If the Tatooine dev team want to switch to the branch where they are building that complicated new feature, what are the Alderaan dev team supposed to do when their dev database switched to a different schema under their feet? Team Alderaan and team Tatooine need their own databases. In a lot of places I’ve worked that involves sending a ticket to the DBA to provision a new instance (as well as various managers to discuss licencing, strategy, the meaning of “agile”, the next most important planet in the Star Wars universe, (Hoth? Degobah? Coruscant?), various other things that I can’t remember because I was asleep and, finally, waiting 6 months).

Once the team has finally finished the Naboo feature (I know right? Ruddy millennials!), merging changes back can become a painful process too. Changes and features got backed up and merged in one big go after 12 months of dev work. (Ouch.) If a single reader has ever done a merge like that in a painless way I invite you to leave a comment.

Alternatively, if you had been using the dedicated model branching becomes simple and by now we’d have used up all the Star Wars, Star Trek, Battlestar Galactica, Babylon 5 and Thunderbirds references and we’d be on to Space 1999 or some other 70s garbage.

Once you have started using your dedicated databases I would advise you re-purpose your old shared dev database. Re-name it to your “integration” database.
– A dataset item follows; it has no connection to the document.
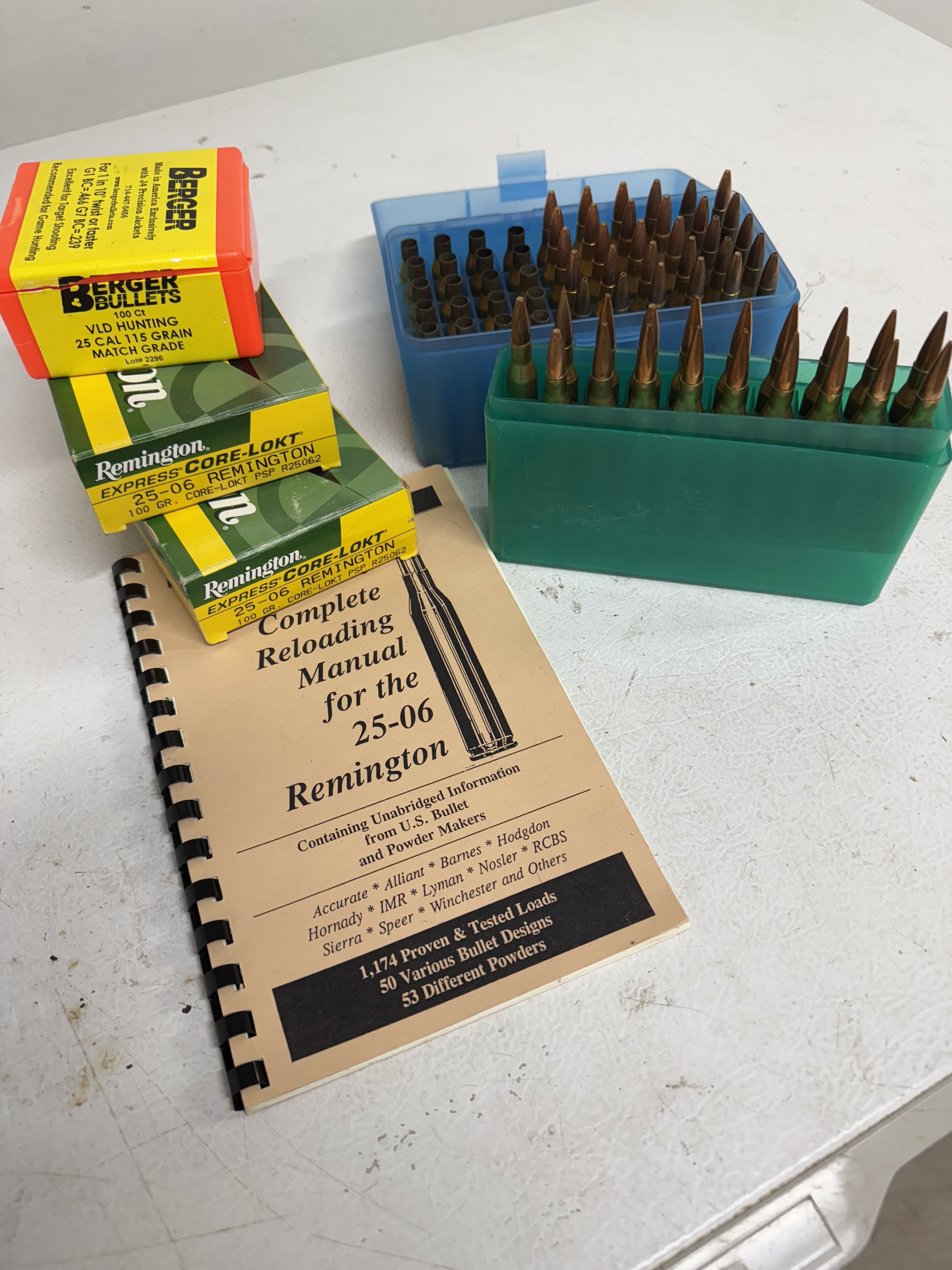 Here's a mixture of 25-06 ammo, brass and 45 Berger 115 vld's. Got this stuff in a bundle of things from an estate sale, so not sure of the accuracy of any of it, but all the cases say 25-06. The two Remington Core-Lokt box's are full, but not sure if it's actually that.

Let all developers know that every time anyone commits to master the “integration” database will be blown away and re-deployed from source control. At the same time revoke all the developer’s permissions to make schema changes.
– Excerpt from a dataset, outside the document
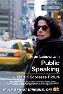 Public Speaking is a 2010 HBO documentary film directed by Martin Scorsese, about the American author Fran Lebowitz, containing interviews and clips from speaking engagements.[1][2][3]

Now the “integration” database is your canary. If a developer commits a bad SQL script the canary database will blow up. An appropriate notification should be fired off and now the top priority is fixing the source code. Since whatever you are doing holds no value if the source code doesn’t even compile. If you do this, you will be able to legitimately claim that your shared dev (integration) database demonstrates continuous integration.

This will encourage good practices, enforce legal SQL syntax, and ensure that the source code truly is the sole source of truth. This is a great foundation, enabling you to start thinking about automated deployments to other environments (Test, Prod etc) and a proper automated database testing strategy.
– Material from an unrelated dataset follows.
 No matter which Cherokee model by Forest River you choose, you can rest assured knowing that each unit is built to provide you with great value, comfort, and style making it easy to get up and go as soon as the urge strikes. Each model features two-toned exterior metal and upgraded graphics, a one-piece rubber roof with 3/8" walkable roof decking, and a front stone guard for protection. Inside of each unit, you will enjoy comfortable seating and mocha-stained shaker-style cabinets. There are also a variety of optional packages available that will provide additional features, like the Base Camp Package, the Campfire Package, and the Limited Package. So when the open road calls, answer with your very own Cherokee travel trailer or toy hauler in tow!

If you were to move to dedicated databases and a sensible source control/branching strategy you would see:

  • A significant reduction in the amount of garbage test code and partially finished work on your dev server.
  • You would be much more confident that the code on your dev server matches the code on the production server because both were deployed from the same source.
  • Your dev team will no longer be bottlenecked by tickets submitted to the DBA team and the DBA team would get bothered less by devs about dev DB issues.
  • It will become much easier to manage changes from different development streams.
  • Your deployments would become much simpler because it will be easier to call out which changes need to be deployed. And hence your production deployments will become simpler and more reliable.
  • You’ll be able to scale your database development and velocity much more easily.
  • It will become more important to manage test data properly, but that’s always been important.
  • You will be conforming with industry standard approaches for managing source code.
  • Developer’s may become more restricted on the quantity of data in their dev database. This is a pain but should encourage better development and testing practices. On balance, it’s a small price to pay given the benefits.